連載プロローグ風 その3
パシャッ
「ご当選おめでとうございます!」
強烈な光を浴びて目の前が白くなった。
ゆっくりと瞼を上げれば黒い物体がふたつ。
ふわふわした思考のまま、落ち着いた口調で話される言葉に、ただただ曖昧な相槌を打っていた。
「ドンキホーテ・ドフラミンゴ様ですね」
「……誰だ」
タキシード姿の男と、手に小ぶりのカメラを握っている男。
見覚えのない輩に片眉がピクリと動く。
左右の視界を確認するが、この空間が先ほどまで寛いでいた自室ではない事は明白だった。
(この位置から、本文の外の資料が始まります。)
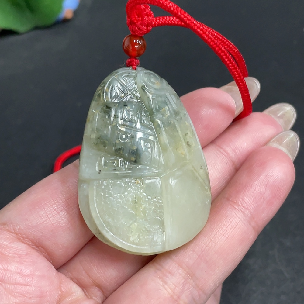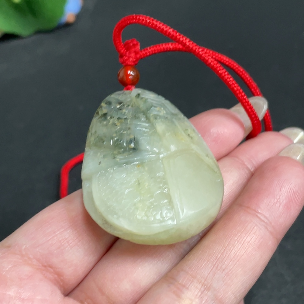 Trezaar - Hetian Jade Seed Material Pendant, Antique-style Piece, Containing Other Mineral Components, Undetermined Skin Color Origin, Total Weight Approximately [Including Rope] 42.7g

「おめでとうございます。貴方様は一週間の異世界旅行にご当選なさいました。私どもはその手続きに参りました」
「あん?」
異世界と言う単語に引っ掛かりを覚えるが、まず、この男がツアー旅行などに応募することはあり得ない。
「くまの差し金か?」
心当たりと言えば、たまの招集で顔を見る男の能力。しかし、あれはあいつが触れなければ飛ばせないはずだ、と可能性を消す。
では一体――
「私どものことはお気になさらず。すべてを理解する時間も必要もございません。貴方様はこれから一週間、今の世界とは別の世界へ旅行に行かれるのです。今の世界とは文明も世相もたいへん異なる世界ですので、少々退屈な今の生活に刺激を与えられることでしょう」
「その話、あんまり美味そうな匂いがしねェなァ」
「貴方様はただ純粋に、この旅行を楽しんでいただければ結構です」
サングラス越しに睨みつければ、ふふふ、と品の良い笑いが返ってくる。
「そうですね、これからのことは、一つの長い夢と思って頂いて結構です」
「…………一週間経ったら戻ってこれるんだな?」
主導権は絶対的に目の前の男たちにある。
幾多のビジネスをこなしてきた経験から、これは交渉や取り引きといった温いものではないことを感じ取る。本来他人の言いなりになるのは気に食わないが、今の男には切り返す術がない。
ならばお望み通り思う存分楽しんでやろうじゃないか、と思考を止めた。
「ご安心を。では、これからあちらの世界でのパートナーのご紹介を――」
一枚の写真が手渡され、名前と少しばかりの特徴が伝えられた。
何をしろという指示も無く「お楽しみください」という言葉を残して男たちは消えた。
サイト開設前から作り始めてたのに未だに形にならない子。